Amid winter Omicron unknowns, China to lean into ‘dynamic zero-Covid strategy’
- Senior health official says it’s not clear to what extent the new variant compromises vaccines
- But doses still prevent severe disease, hospitalisation and death, he says
George Gao Fu, director of the Chinese Centre for Disease Control and Prevention, said vaccines continued to prevent severe disease, hospitalisation and death, but there were uncertainties.
“Omicron has the ability to evade immunity, like Beta [a previously identified variant], while being more transmissible like Delta,” he told China News Weekly, a state-run news magazine based in Beijing.
“Our vaccines still work [against Omicron] but their efficacy is greatly compromised. It is hard to tell to what extent,” he said.
“The virus mutates but it remains a coronavirus. Our existing vaccines can still protect against the virus to a certain extent.

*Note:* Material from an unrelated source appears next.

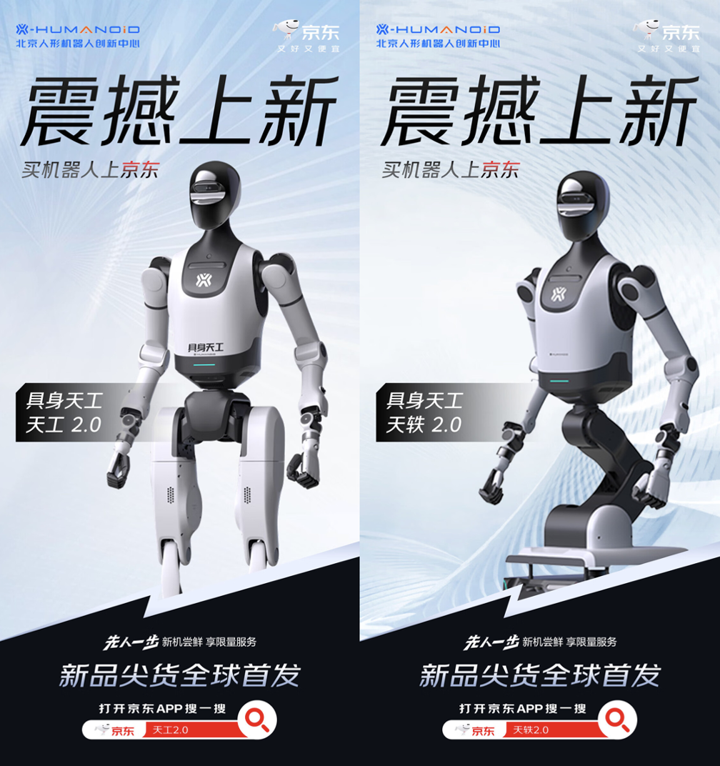 10月17日,北京人形机器人创新中心旗下两款自主研发的具身智能机器人——通用机器人平台“具身天工2.0”与通用轮臂机器人“天轶2.0”,正式上线京东,用户现可通过京东APP搜索“机器人11.11”,轻松购得全球前沿的智能机器人产品。

“We cannot rule out the possibility that a new, more transmissible [variant] will emerge while we worry about Omicron.”
China has yet to report a case of the Omicron variant, but its emergence in other countries could test its efforts to contain the virus by mass testing, frequent contact tracing, lengthy quarantines and strict border controls.
The authorities have enacted stringent measures to halt recent Covid-19 outbreaks in Beijing – which will host the Winter Olympics in February – and surrounding regions.
Other infections were found in Harbin in northeastern Heilongjiang province, Dehong Dai and Jingpo autonomous prefecture in southwestern Yunnan province and the port city of Ningbo in eastern Zhejiang province, the National Health Commission said.
In addition, four asymptomatic cases were found in Inner Mongolia, Yunnan and Zhejiang, and 44 new imported cases were detected, of which 34 were symptomatic.
After the NHC reported the national case tally, Hangzhou in Zhejiang reported two more local cases.
Ningbo, also in Zhejiang, closed schools and launched mass testing on Tuesday in a district after one symptomatic infection was identified. The city has cancelled all flights to Beijing since Monday, citing “public safety”.
In the northern part of the country, Manzhouli launched its 10th consecutive round of daily mass testing on Tuesday. It had found 431 infections in the previous nine rounds.
In a visit to the city on Monday, Inner Mongolia chairwoman Wang Lixia said authorities should ensure nobody was left out of mass testing and sampling efficiency was increased, according to state media reports.